Act III. Clemency. The conspiracy continues. Ernani meets his companions in the underground chambers of the sepulchral monument to Charlemagne in Aachen. In the meantime, Don Carlo is elected emperor.
He could have the rebels killed, but wishes to be merciful, and, with the intercession of Elvira, lets them live provided they pledge their loyalty. As a last proof of his generosity, he gives Ernani the hand of Elvira, having realised that she will never love any other.

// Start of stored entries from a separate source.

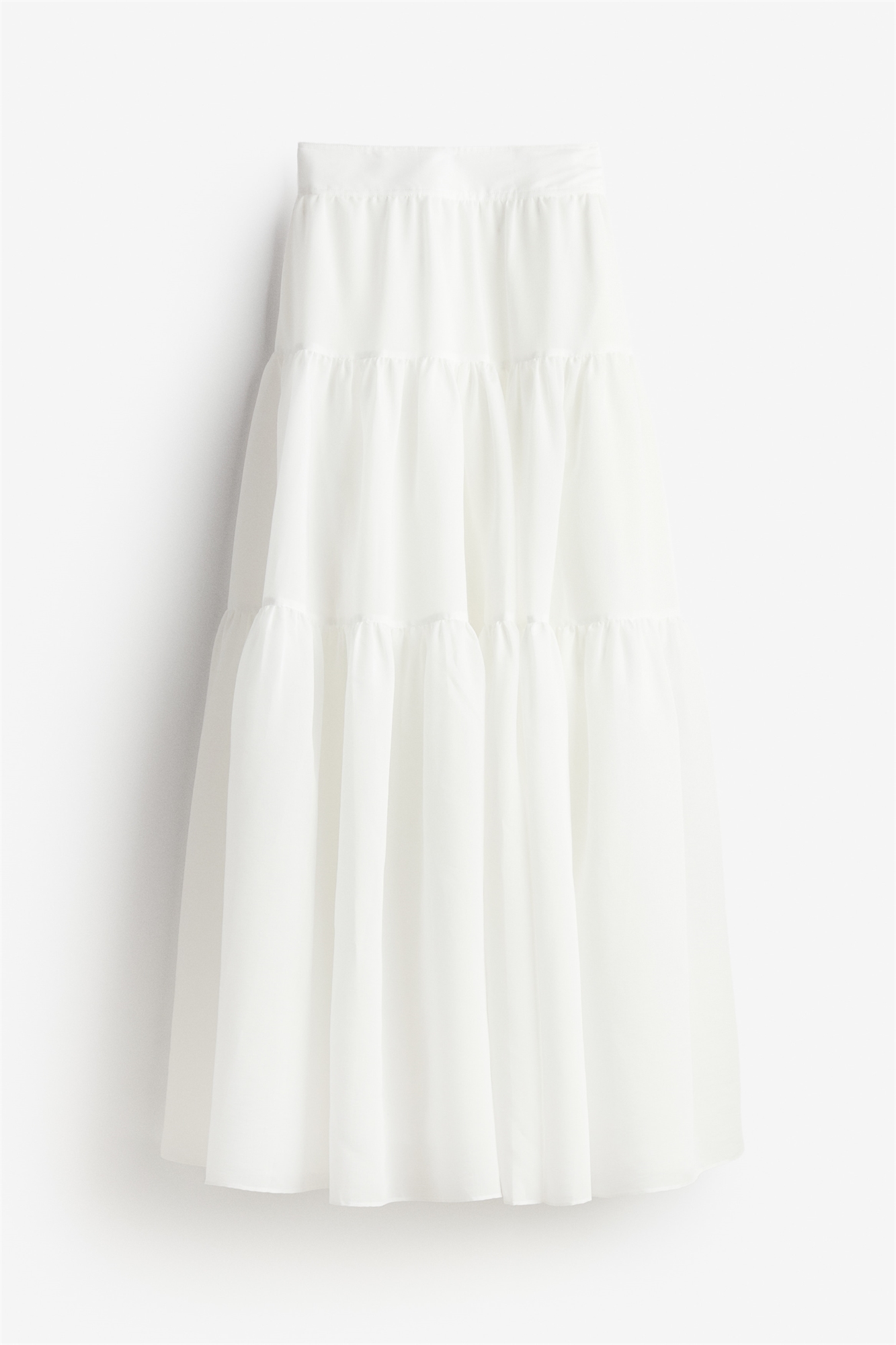Длинная расклешенная юбка с мягким плетением из смеси лиоцелла. Свободный крой с собранными ярусами для придания объема и высокая талия с потайной застежкой на молнию и крючок с ушком с одной стороны. Подкладка из хлопкового вуаля.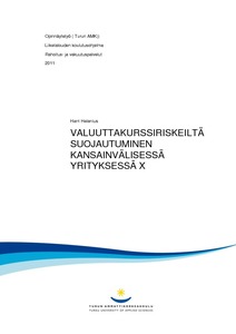 Opinnäytetyön toimeksiantaja on iso kansainvälinen Yritys X, jonka tavoitteena on olla oman alansa johtaja maailmassa. Tutkimuksen tavoite on selvittää, miten kansainvälisessä Yrityksessä X varaudutaan valuuttariskiin ja miten valuuttariskiltä suojaudutaan. Tutkimuksessa pyritään tuomaan esille miten tärkeä asia valuuttariski on isoille yrityksille, jotka joutuvat päivittäin tekemään liiketoimia ulkomaan valuutoissa.
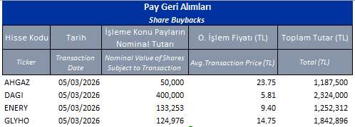 DAGI (ALIM)-(GERİ ALIM) : Şirketimizce 09.03.2026 tarihinde Borsa İstanbul'da pay başına ortalama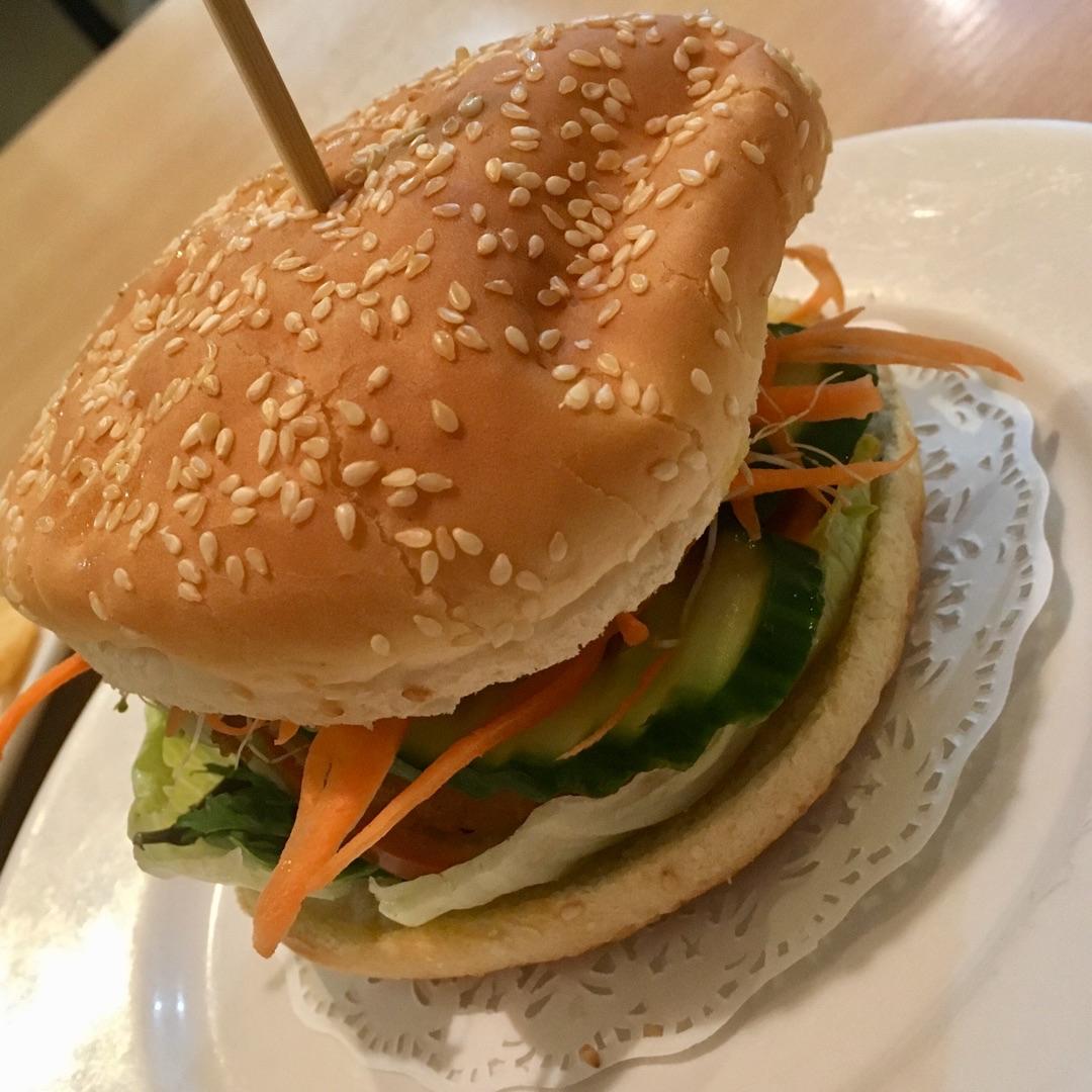 Tasty burger made with mock chicken and fresh salad on a sesame bun.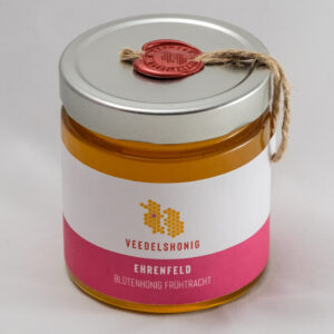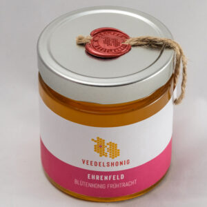 Veedelshonig aus Ehrenfeld ist ein flüssiger Blütenhonig aus der Frühtracht. Die Bienen stehen in unmittelbarer Nähe zur Kölner Moschee und haben durch den Flugradius von ca. 3km ein großes Trachtangebot. Zur Tracht gehören die Roßkastanie, Robinie (Akazienhonig) sowie kleine Anteile von Linde. Zusätzlich sammeln die Bienen Nektar und Pollen aus den Gärten und Balkonen.

Act IV. The mask. The guests greet the happy couple during a sumptuous wedding feast. Among the guests, masked in a black cloak, there is also Ruy de Silva. At the height of the feast he goes into the garden and has the horn blown three times. Ernani knows what he must do: Castilian honour is severe, and he poisons himself. Over his inanimate body, the woman he loved falls lifeless, overcome by sorrow.

History:
Despite the fiasco of I Lombardi alla prima crociata at La Fenice in Venice in 1843, in the springtime of the same year Verdi signed a contract with the theatre's director, Count Moncenigo, for a new opera. Felice Romani and Temistocle Solera were Verdi's librettists in Milano, Salvatore Cammarano in Naples, and  Francesco Maria Piave became his most trusted collaborator, and later friend, in Venice. The subject chosen was Hernani by Victor Hugo, and Piave started working rapidly under the constant surveillance of the Maestro, who insisted on closely following the progress of the librettist and poet. The opera was presented on March 9th, 1844, a triumphal success, so much so that it was performed shortly thereafter in fourteen other Italian cities, and for the next decade and a half, was the most performed work of Verdi. Considering just the Scala in Milan and the Don Carlo Theatre in Naples, Ernani was presented for eight seasons for a total of 240 performances! In 1844 the city of Venice paid homage to Verdi presenting the same opera at the San Benedetto Theatre as well.
The opera arrived on the stage in Paris, where Victor Hugo had occasion to see his play given in the form of melodrama; he strongly disapproved at the transformation of his work.